TASK GOAL
Exactly the lines from the one containing "3、網(wǎng)上祭掃。登" through the one containing "En spray ou" in the listing below are to be copied, with the pictures left out.

EXERCISE INPUTS

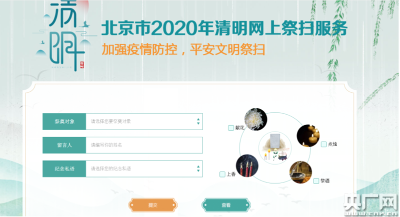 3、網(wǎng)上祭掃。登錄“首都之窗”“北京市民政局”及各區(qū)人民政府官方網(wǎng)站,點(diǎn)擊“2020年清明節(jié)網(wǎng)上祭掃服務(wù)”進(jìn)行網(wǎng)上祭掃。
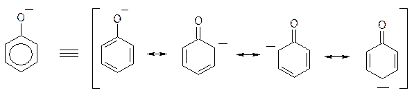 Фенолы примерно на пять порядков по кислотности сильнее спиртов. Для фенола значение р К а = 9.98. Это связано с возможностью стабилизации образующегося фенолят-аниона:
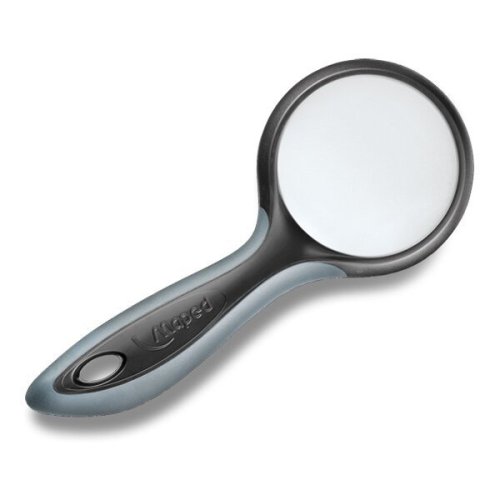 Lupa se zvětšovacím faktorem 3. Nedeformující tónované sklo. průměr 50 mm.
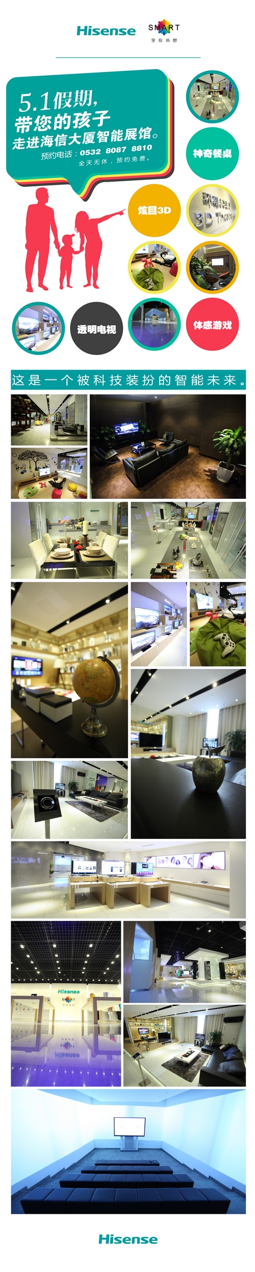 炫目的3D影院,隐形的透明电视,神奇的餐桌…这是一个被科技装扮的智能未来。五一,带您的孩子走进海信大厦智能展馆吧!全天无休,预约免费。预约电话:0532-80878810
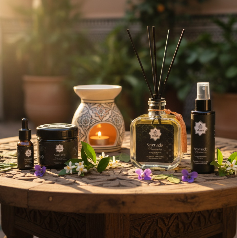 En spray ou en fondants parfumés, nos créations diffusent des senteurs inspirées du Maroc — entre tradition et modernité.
* * *
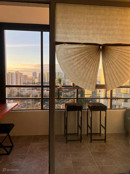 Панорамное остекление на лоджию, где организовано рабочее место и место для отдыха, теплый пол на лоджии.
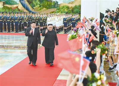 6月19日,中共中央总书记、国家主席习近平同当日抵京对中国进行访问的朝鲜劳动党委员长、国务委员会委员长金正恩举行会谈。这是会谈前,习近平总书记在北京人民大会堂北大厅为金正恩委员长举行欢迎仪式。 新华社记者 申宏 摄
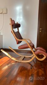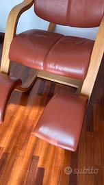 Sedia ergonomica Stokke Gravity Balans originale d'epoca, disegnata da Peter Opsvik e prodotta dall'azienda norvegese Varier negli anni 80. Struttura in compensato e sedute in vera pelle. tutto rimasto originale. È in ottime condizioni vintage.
* * *
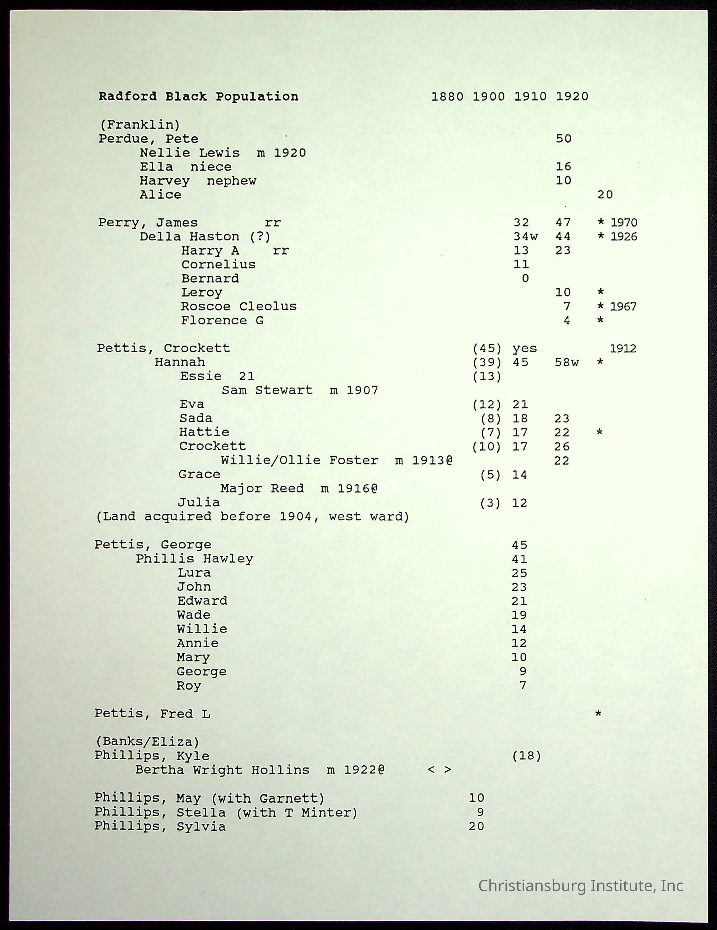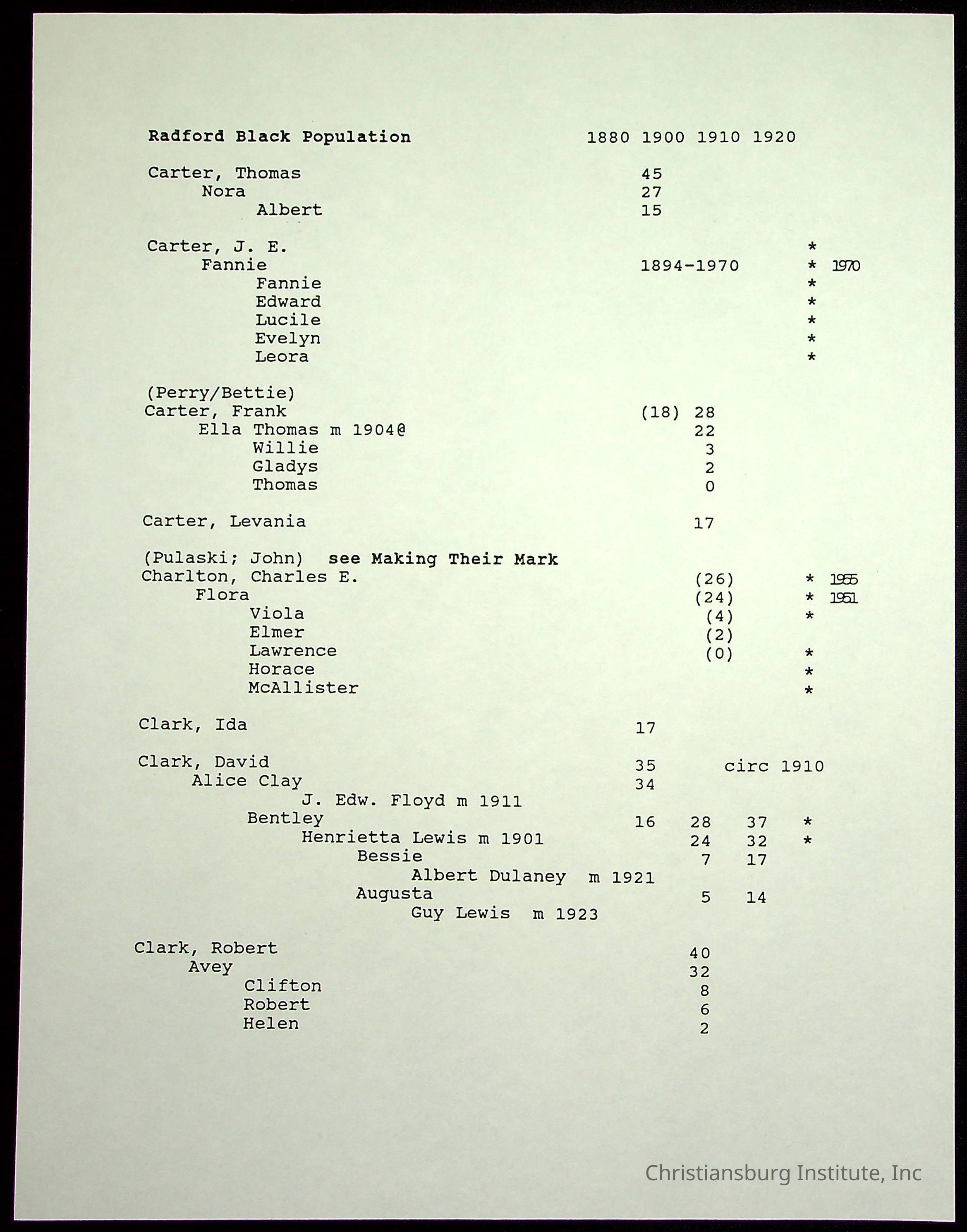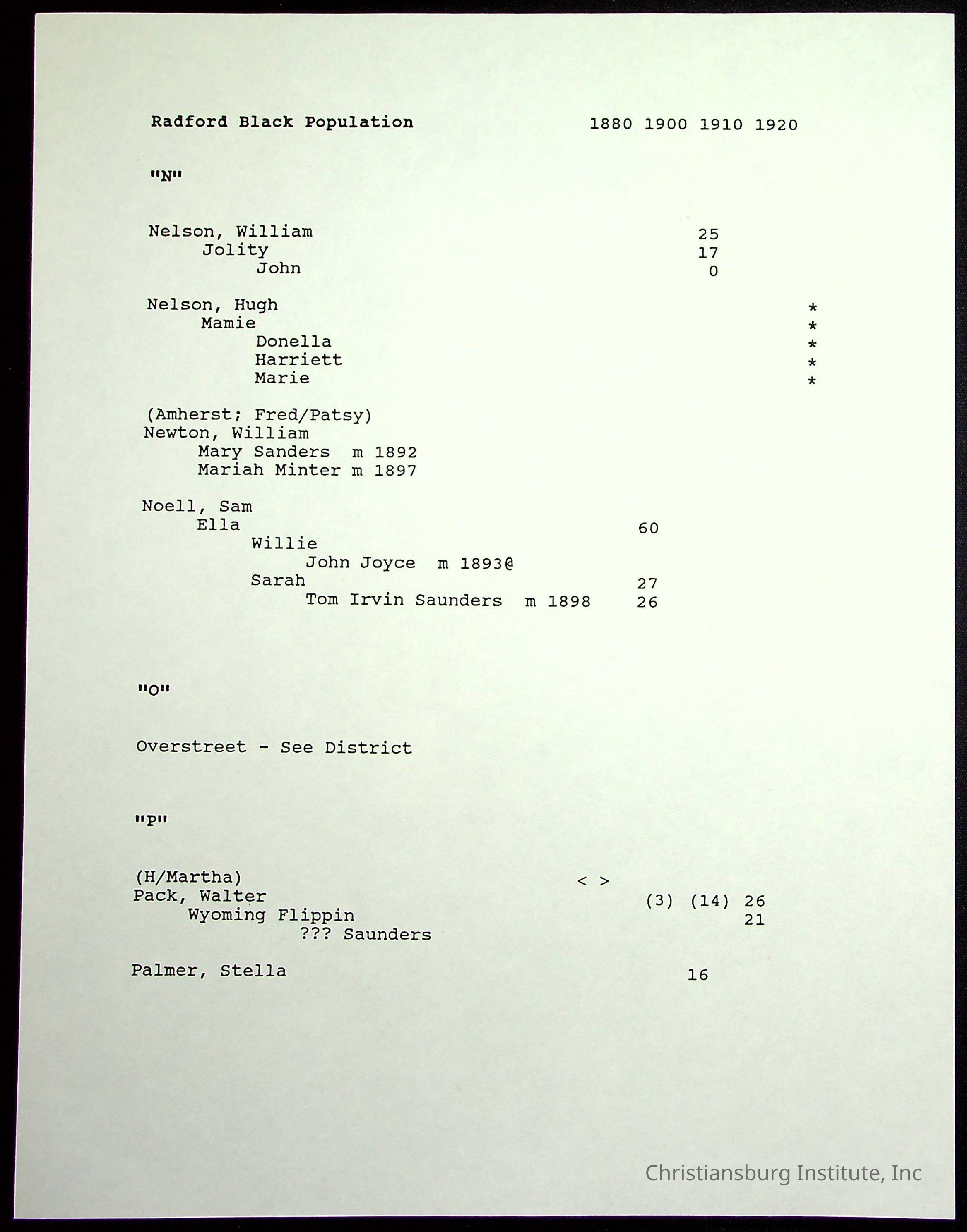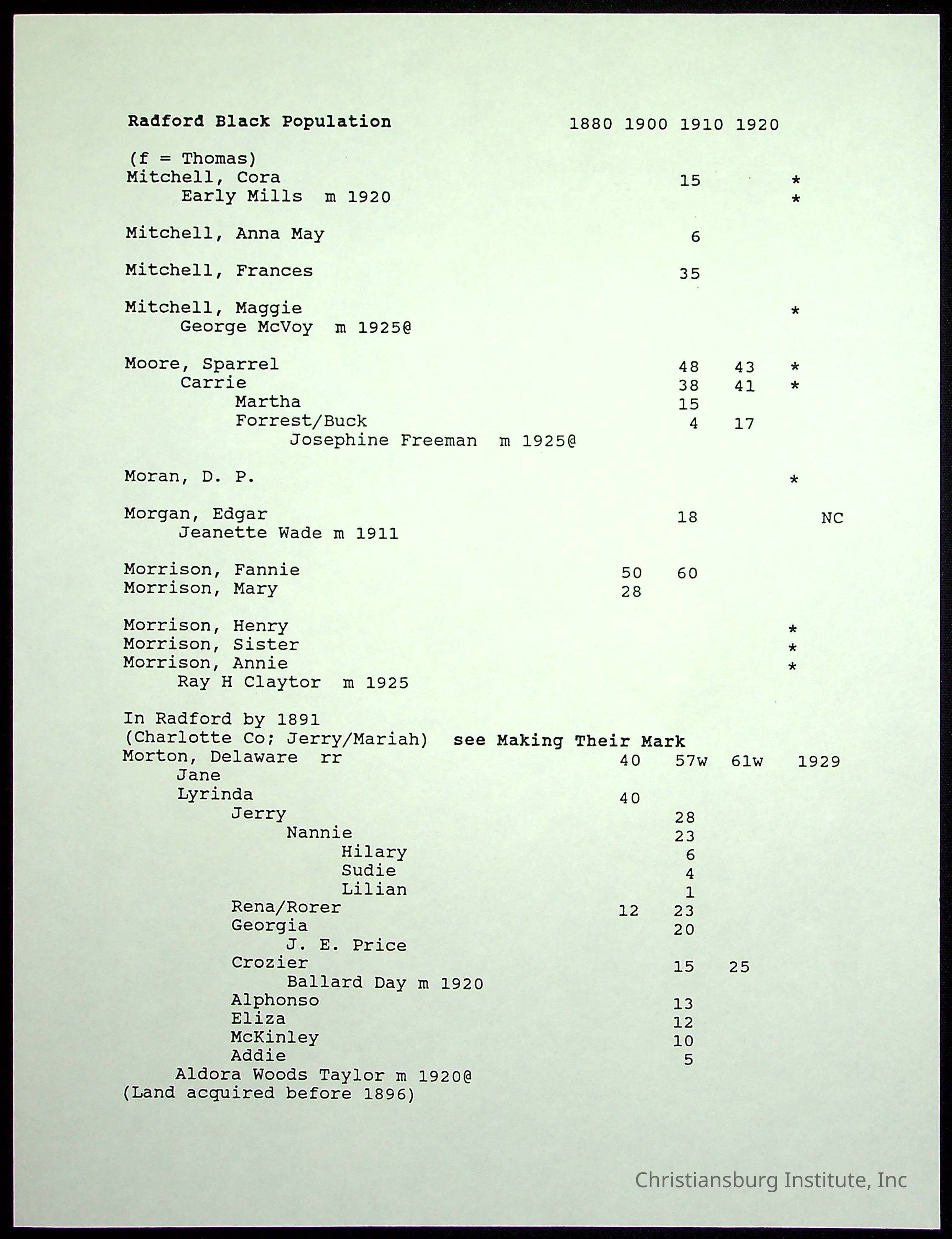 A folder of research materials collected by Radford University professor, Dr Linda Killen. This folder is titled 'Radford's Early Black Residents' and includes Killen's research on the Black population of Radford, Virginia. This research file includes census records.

RESPONSE AREA
 3、網(wǎng)上祭掃。登錄“首都之窗”“北京市民政局”及各區(qū)人民政府官方網(wǎng)站,點(diǎn)擊“2020年清明節(jié)網(wǎng)上祭掃服務(wù)”進(jìn)行網(wǎng)上祭掃。
 Фенолы примерно на пять порядков по кислотности сильнее спиртов. Для фенола значение р К а = 9.98. Это связано с возможностью стабилизации образующегося фенолят-аниона:
 Lupa se zvětšovacím faktorem 3. Nedeformující tónované sklo. průměr 50 mm.
 炫目的3D影院,隐形的透明电视,神奇的餐桌…这是一个被科技装扮的智能未来。五一,带您的孩子走进海信大厦智能展馆吧!全天无休,预约免费。预约电话:0532-80878810
 En spray ou en fondants parfumés, nos créations diffusent des senteurs inspirées du Maroc — entre tradition et modernité.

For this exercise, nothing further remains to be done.